Paper Structure (16 sections, 1 equation, 3 figures, 1 table)

This paper contains 16 sections, 1 equation, 3 figures, 1 table.

Figures (3)

  • Figure 1: Encode log RTF (solid) and decode log RTF (striped) for GenAE ablations and baselines. GenAE modifications are split into "speed" and "quality" categories. Baselines are shown on the right. Faster encoding accelerates generative workflows.
  • Figure 2: GenAE Model Architecture: DWPW is a standard depth-wise/point-wise layer with a dilation (1/3/9). Attn Stack is a standard multi-head windowed attention block. SLite is the SnakeLite activation. TCN is a standard dilated residual convolution block. Mel represents inputting or outputting a mel-spectrogram. Format represents an audio channel format token.
  • Figure 3: Stereo rate-distortion vs. latent rate (Hz).

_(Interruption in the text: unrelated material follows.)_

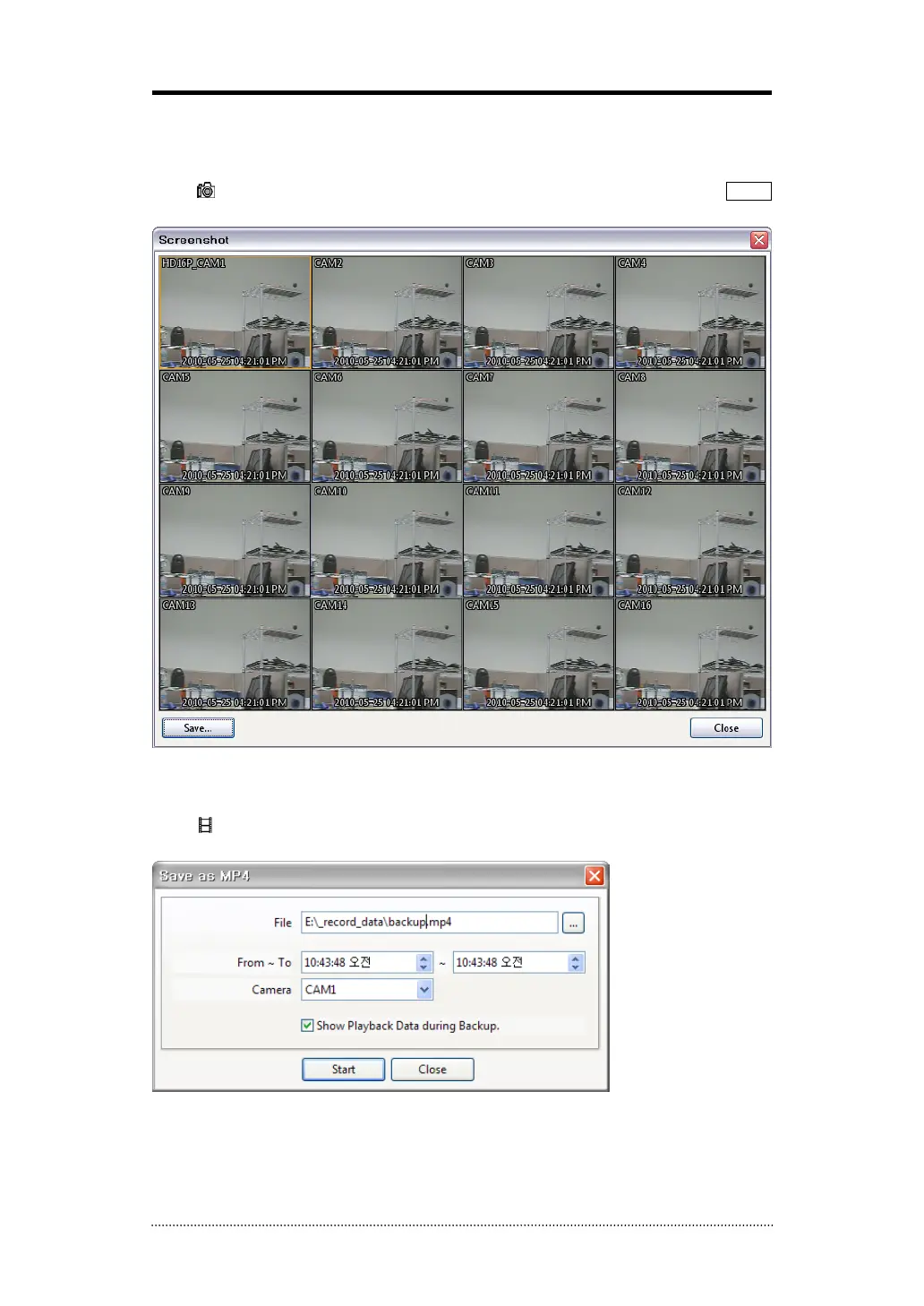 • Select Camera number. Press Start to create MP4 file.

GenAE at 13 Hz matches baselines at far lower rates and at 36 Hz surpasses all baselines. Lower rates reduce tokens and memory for long-context generation. GenAE is Pareto-optimal on the compression/reconstruction frontier in both continuous (-KL) and discrete (-VQ) latent modes. PESQ-WB and Audiobox Aesthetics follow a similar trend. Models in the legend but not shown exceed plot ranges. Models with a * only run at 24 KHz. The Pareto frontier is shown in grey.